#### Description of the task:
When you reach the line with "مطلوب أطباء جميع", start repeating the lines exactly and keep going to the end of the records, but drop every picture.

————————

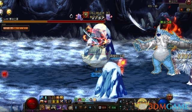 哀泣之穴难度略高一些,但是一样非常轻松简单,只需要一身远古传说就能通关,我们再第一个房间需要触碰火堆,这样身边会环绕火焰,不过这个火堆的位置基本上是百分百会碰到的。整个地图除了绿名怪寒冰之源攻击伤害比较高外,房间二有一个石像会召唤冰柱攻击,需要先打掉。
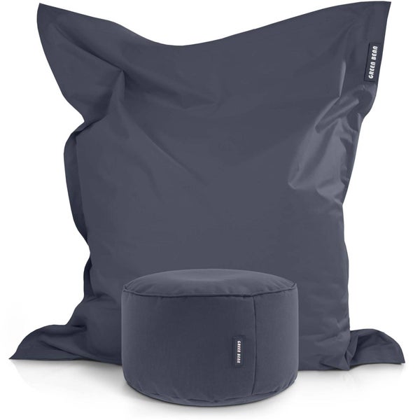 Green Bean 2er Set XXL Sitzsack inkl. Pouf fertig befüllt mit EPS-Perlen - Riesensitzsack 140x180 Lounge Sitz-Kissen Bean-Bag Chair - Dunkelgrau
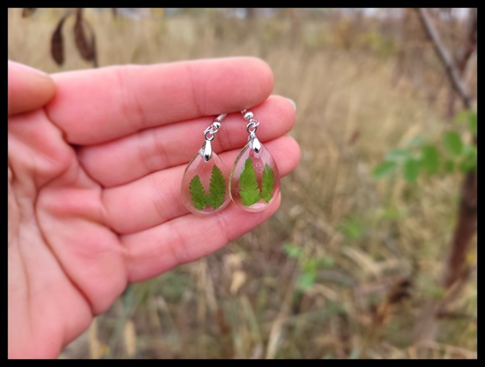 Kolczyki łezki z paprocią
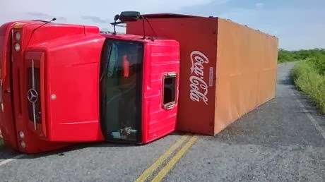 Caminhão da Coca Cola capota próximo a Caicó
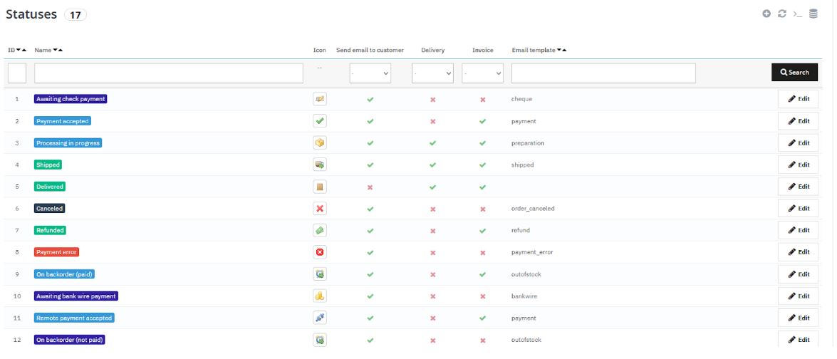 All order statuses marked with this option will send the order to Imaxel systems to generate the associated order files. If you want more information about order statuses, you can consult the official PrestaShop documentation.
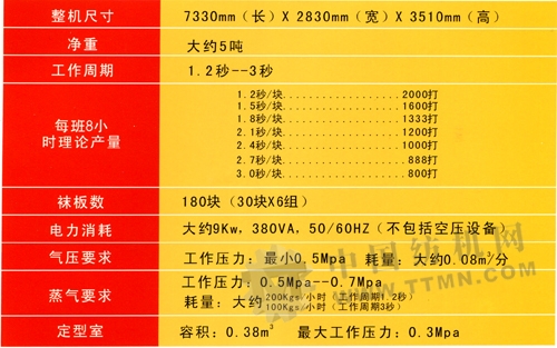 3、本機采用先進(jìn)的變頻原理,襪板的工作周期可根據(jù)定型工藝要求做任意調(diào)節(jié)。最短工作周期是1.2秒,最大產(chǎn)量每8小時班產(chǎn)量約2000打(按理論數(shù)據(jù)計算)。
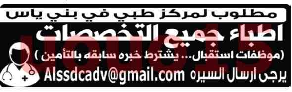 مطلوب أطباء جميع التخصصات لمركز طبي في بني ياس.
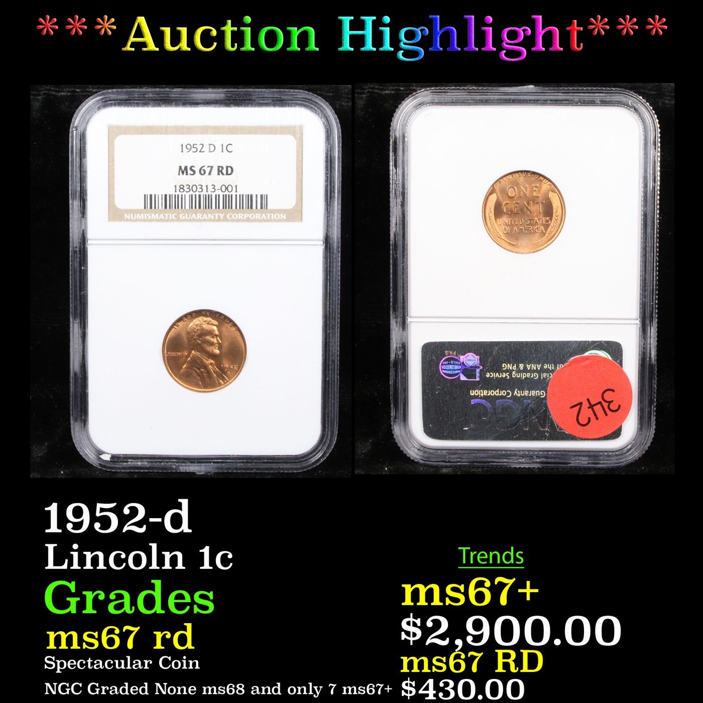 ***Auction Highlight*** NGC 1952-d Lincoln Cent 1c Graded ms67 rd By NGC. PCGS haven't Graded any finer then 67;
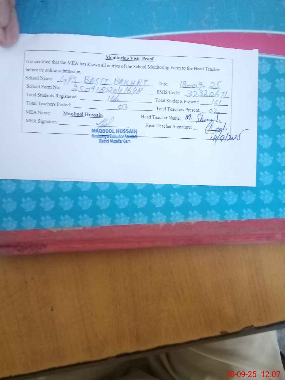 | Attendance Register | Head Teacher | MEA with School | Visit Proof |
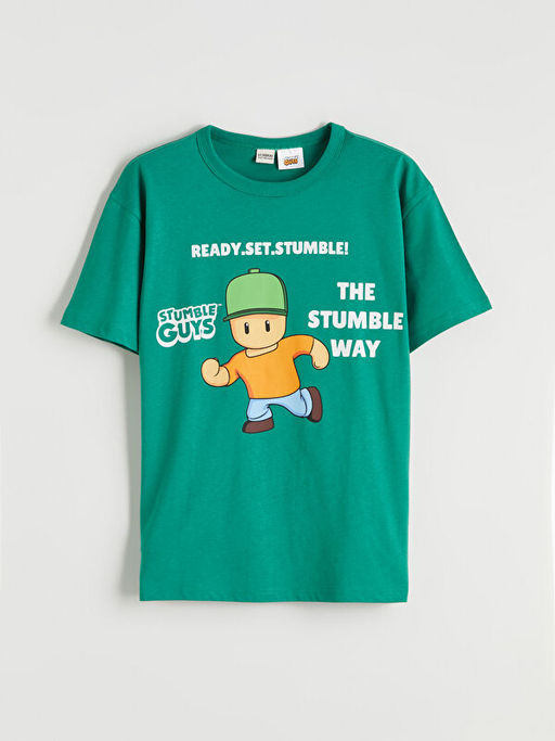 • Bisiklet Yaka Stumble Guys Bask?l? Erkek ?ocuk Ti??rt
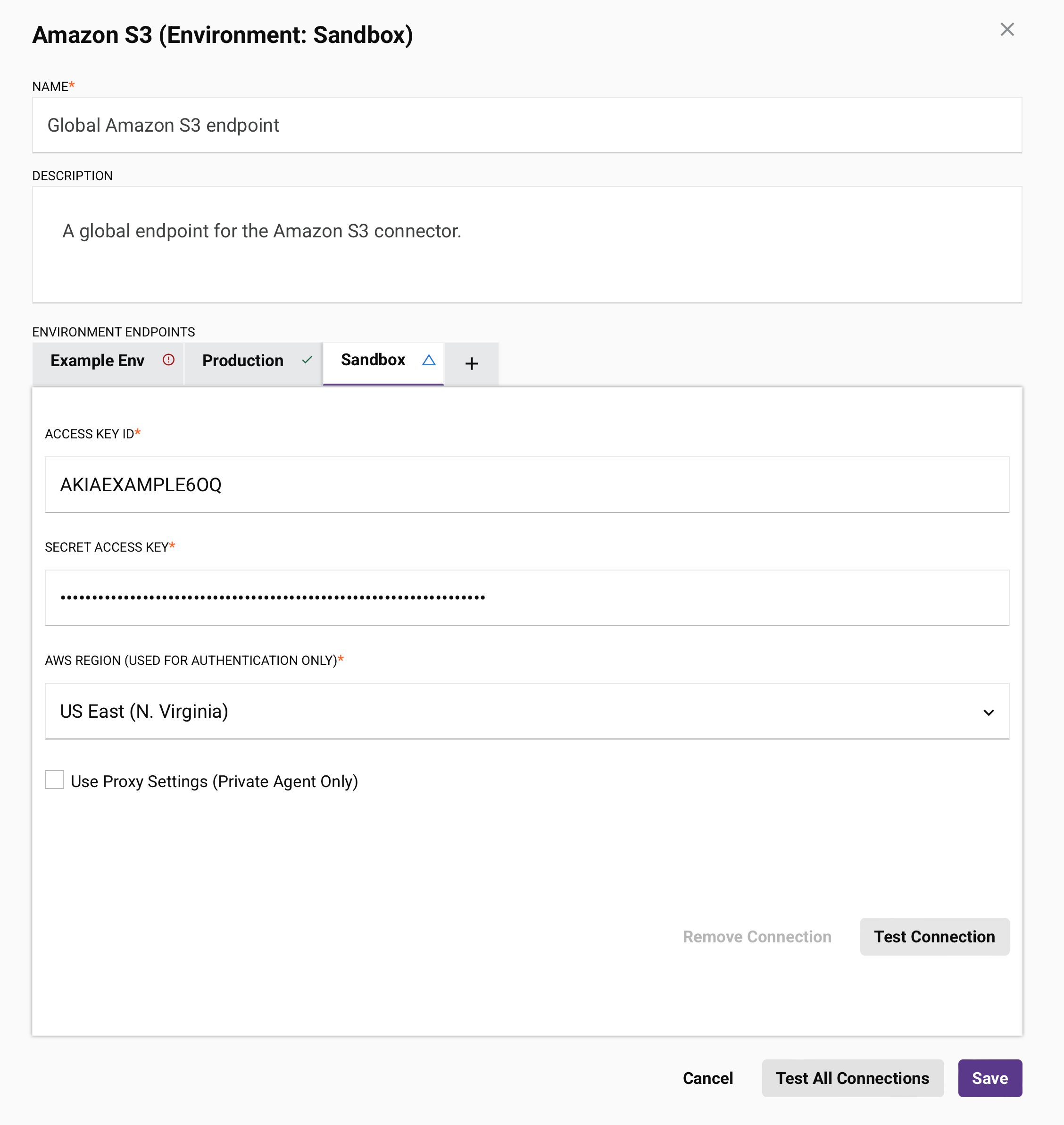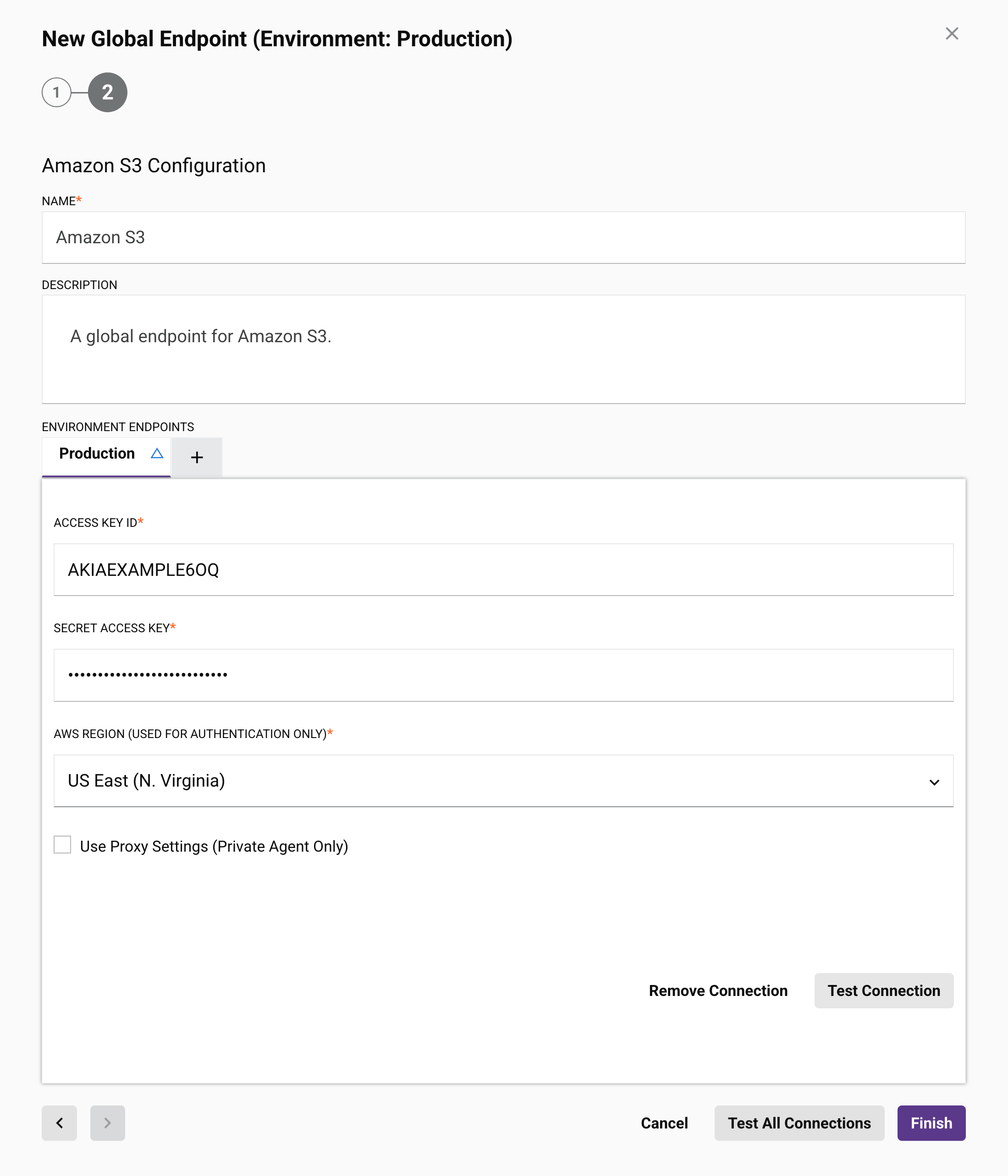 Test Connection: Click to test the endpoint connection using the provided configuration.
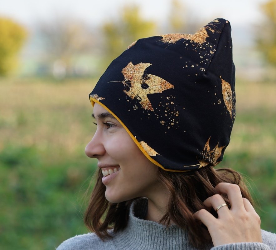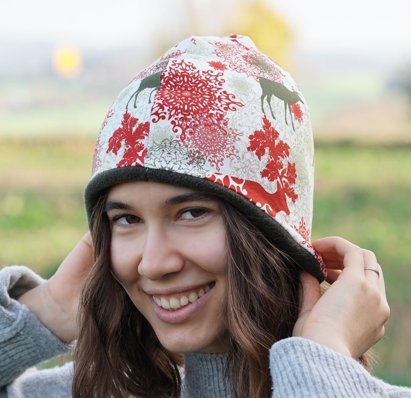 Vor dem Zuschnitt bitte den Kopfumfang messen, damit die Mütze nachher auch wunderbar passt. Wenn euer Stoff relativ dünn und elastisch ist, könnt ihr die Mütze auch eine Nummer kleiner zuschneiden.
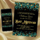 Invitation Bat Mitzvah avec confettis pailletés turquoise et or. Cette belle invitation Bat Mitzvah turquoise et or est facilement personnalisable pour votre événement en ajoutant vos coordonnées dans le style de police et la couleur de votre choix. Vous pouvez changer la couleur de fond de cette magnifique invitation Bat Mitzvah. Toutes les conceptions d'invitations sur Zazzle sont des graphiques imprimés sans vrais bijoux, rubans, paillettes, etc.

————————

#### Exercise solution:
 مطلوب أطباء جميع التخصصات لمركز طبي في بني ياس.
 ***Auction Highlight*** NGC 1952-d Lincoln Cent 1c Graded ms67 rd By NGC. PCGS haven't Graded any finer then 67;
 | Attendance Register | Head Teacher | MEA with School | Visit Proof |
 • Bisiklet Yaka Stumble Guys Bask?l? Erkek ?ocuk Ti??rt
 Test Connection: Click to test the endpoint connection using the provided configuration.
 Vor dem Zuschnitt bitte den Kopfumfang messen, damit die Mütze nachher auch wunderbar passt. Wenn euer Stoff relativ dünn und elastisch ist, könnt ihr die Mütze auch eine Nummer kleiner zuschneiden.
 Invitation Bat Mitzvah avec confettis pailletés turquoise et or. Cette belle invitation Bat Mitzvah turquoise et or est facilement personnalisable pour votre événement en ajoutant vos coordonnées dans le style de police et la couleur de votre choix. Vous pouvez changer la couleur de fond de cette magnifique invitation Bat Mitzvah. Toutes les conceptions d'invitations sur Zazzle sont des graphiques imprimés sans vrais bijoux, rubans, paillettes, etc.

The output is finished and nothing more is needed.